Быть честным, открытым — непозволительная роскошь. Если кто-то узнает, что безупречный, холодный Му Цин приходит домой и насильно выворачивает наизнанку собственные внутренности; что он под ледяными струями душа тихо задыхается от рыданий, которые даже звука не издают, — они отвернутся. Испугаются. Напишут в его личном деле диагноз: «ненормальный». Гордая Снежная королева не имеет права быть на самом деле облезлым, дрожащим от холода и страха котёнком с мокрыми от слёз глазами. Пусть лучше все верят в миф. Верят, что он лишён обычных человеческих чувств, что он лишь сгусток нервозности, сарказма и ледяного безразличия, неспособный на доброту (ну, разве что к Се Ляню, но и то — из чувства долга). Тот факт, что по вечерам он заваривает чёрный чай с чабрецом и лимоном в любимой потрёпанной кружке с усатыми мордочками, что спит, свернувшись калачиком вокруг старой плюшевой акулы, — это знание должно умереть с ним.

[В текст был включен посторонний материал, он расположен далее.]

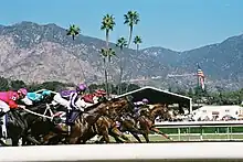 The Santa Anita track is set against the backdrop of the San Gabriel Mountains.
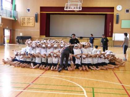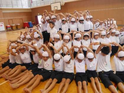 5・6年生が輪になってつながって演技しています。なかなか難しいですね。先生も子どもたちに見本をみせています。

Никто не должен видеть, как медленно вянут алые, когда-то пышные цветы в самой глубине его груди. Он завянет вместе с ними, тихо и незаметно. И в этом не будет ничего страшного. Правда же?
Он редко позволял себе такие мысли — о парных вещах. У него была коробка, аккуратно задвинутая на верхнюю полку шкафа. В ней — свидетельства несбыточных надежд: парные браслеты, шарфы, смешные носки, кружки-близнецы, даже зубные щётки с половинками одного сердца. Коробка пополнялась в моменты слабости, поддавшись навязчивой рекламе или мимолётной иллюзии «а вдруг». Но она лишь становилась тяжелее, а он — всё таким же одиноким. Пыльный саркофаг с ненужными артефактами жизни, которая ему не принадлежала.

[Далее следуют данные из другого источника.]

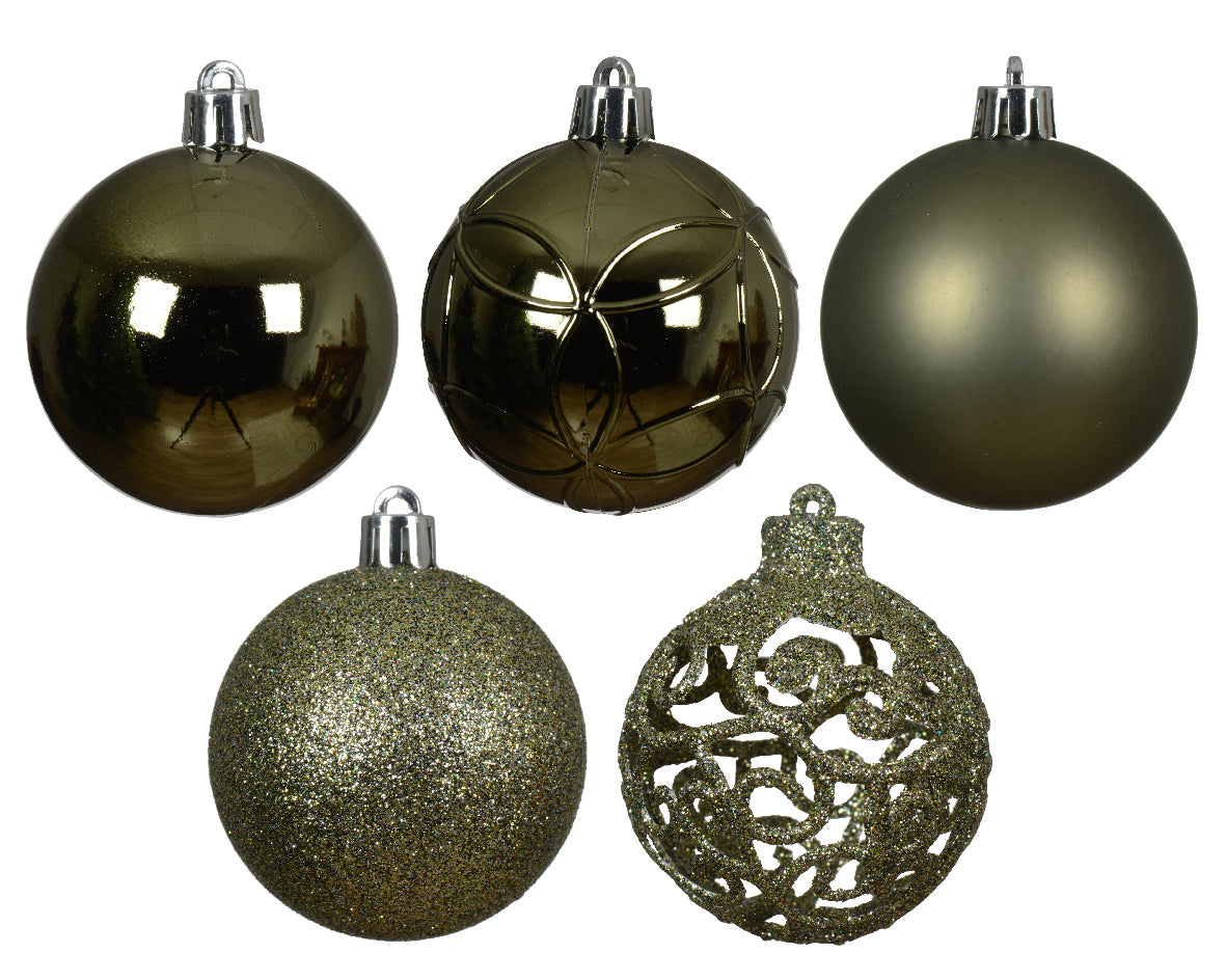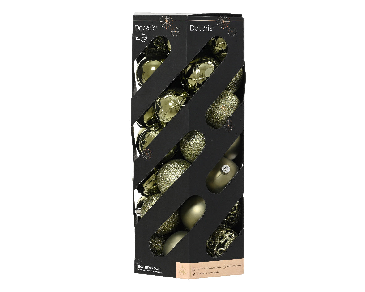Decoris Recyclable Package Baubles Shatterproof Shiny Matt Mix 6cm Rosemary Green 35ct

Когда желудок опустел, оставив после себя лишь жгучую кислую пустоту, Му Цин вытер рот грубым бумажным полотенцем и откинулся спиной на ледяной кафель стены. Влажность проступала сквозь тонкую ткань футболки. Пальцы судорожно сжали материал на груди. Под чёрным хлопком, на плечах и грудной клетке, скрывались маленькие, уродливые звёзды и розетки — следы ожогов. Если присмотреться к тонким запястьям, можно было увидеть под ремешком часов и манжетой тонкие, бледные, как нити, шрамы — старая гравировка отчаяния. Сейчас, в шортах, были видны колени и щиколотки, украшенные такими же молчаливыми метками. Он водил по ним взглядом, медленно, с отстранённым ужасом, как будто рассматривал карту чужой, опустошённой страны.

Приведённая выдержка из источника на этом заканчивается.